Osmotic Regulation of Embryonic Lactotrophs Is Blocked by Prlr Morpholino Knockdown
To examine effects of PRLR signaling on osmotic responsiveness of embryonic lactotrophs, we blocked Prlr synthesis in PRL-RFP/POMC-GFP double transgenic embryos using zebrafish Prlr MO, which was then immediately followed by culturing the embryos in different salinities equivalent to 0.5x or 2x routine medium. One-cell embryos were injected with Prlr MO, or a control MO that contains 5 bp in mismatch sequence leading to inefficient binding to the target mRNA. At 48 hpf, Prlr morphants (Fig. 4F, closed bars) showed more than 2- to 8-fold enhanced PRL-RFP signals (Fig. 4F, open bars), indicating that endogenous PRL inhibits embryonic lactotrophs during early ontogeny.

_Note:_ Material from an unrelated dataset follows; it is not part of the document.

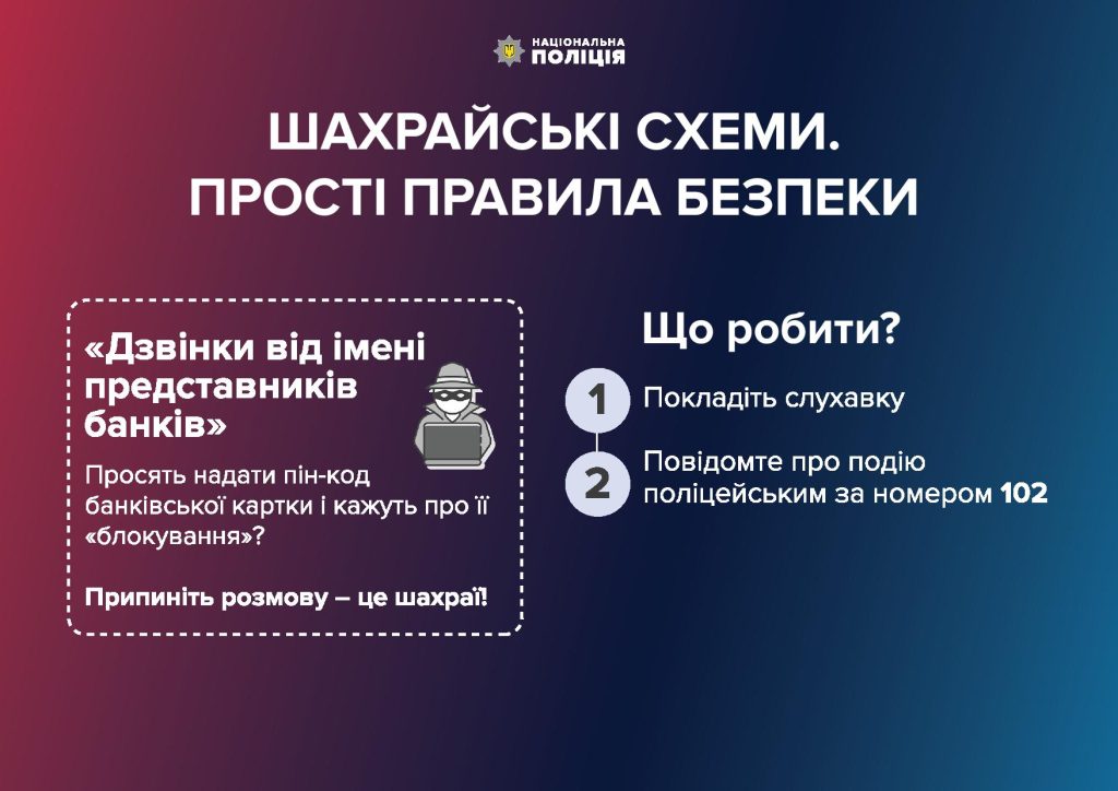 «Ваша карта заблокирована», «С вашего счета хотят списать деньги», «Новые правила во время военного положения» – злоумышленники, представляемые сотрудниками банка, используют разные способы, чтобы получить доступ к вашим банковским картам. Как только неизвестные просят предоставить номер карты, пин-код, кодовое слово, трехзначный номер на обратной стороне карты и срок ее действия или же ввести пароль, поступивший в смс, знайте: это мошенники. Помните: даже в условиях войны настоящие сотрудники банка никогда не спрашивают такой информации.

However, PRL-RFP signals did not differ between Prlr morphants cultured with either 0.5x or 2x routine medium (Fig. 4F, closed bars), indicating a diminished lactotroph response to environmental salinity changes. This pattern of PRL-RFP signals was confirmed by RNA whole-mount in situ hybridization detecting endogenous pituitary Prl expression (Fig. 4G), which was also semiquantified by measuring signal intensity and area size (data not shown). Therefore, Prlr signaling is required for the embryonic lactotroph response to physiologic ranges of environment salinity changes.

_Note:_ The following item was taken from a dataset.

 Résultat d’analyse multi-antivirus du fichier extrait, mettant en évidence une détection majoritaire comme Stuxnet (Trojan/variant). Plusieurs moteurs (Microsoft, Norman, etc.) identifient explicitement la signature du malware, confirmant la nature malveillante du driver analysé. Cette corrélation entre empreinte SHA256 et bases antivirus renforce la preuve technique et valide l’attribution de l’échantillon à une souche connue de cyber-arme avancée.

Dopamine-Independent PRL Autoinhibition Regulates Embryonic Lactotrophs
At 48 hpf, Prlr morphants also exhibit attenuated endogenous dopaminergic inhibition of lactotrophs (Fig. 4, F and G), consistent with previous findings in mice suggesting that PRL exerts stimulating and trophic effects on hypothalamic dopaminergic neurons. On the other hand, interrupting the DA receptor did not block endogenous PRL autoinhibition mediated via the Prlr (Fig. 4, F and G). Furthermore, dopamine-independent PRL inhibition exerts greater control of embryonic lactotrophs than dopaminergic inhibition, as indicated by the magnitude of enhanced PRL-RFP signals of Prlr and Drd2c morphants, respectively (Figs. 3J and Fig. 4F).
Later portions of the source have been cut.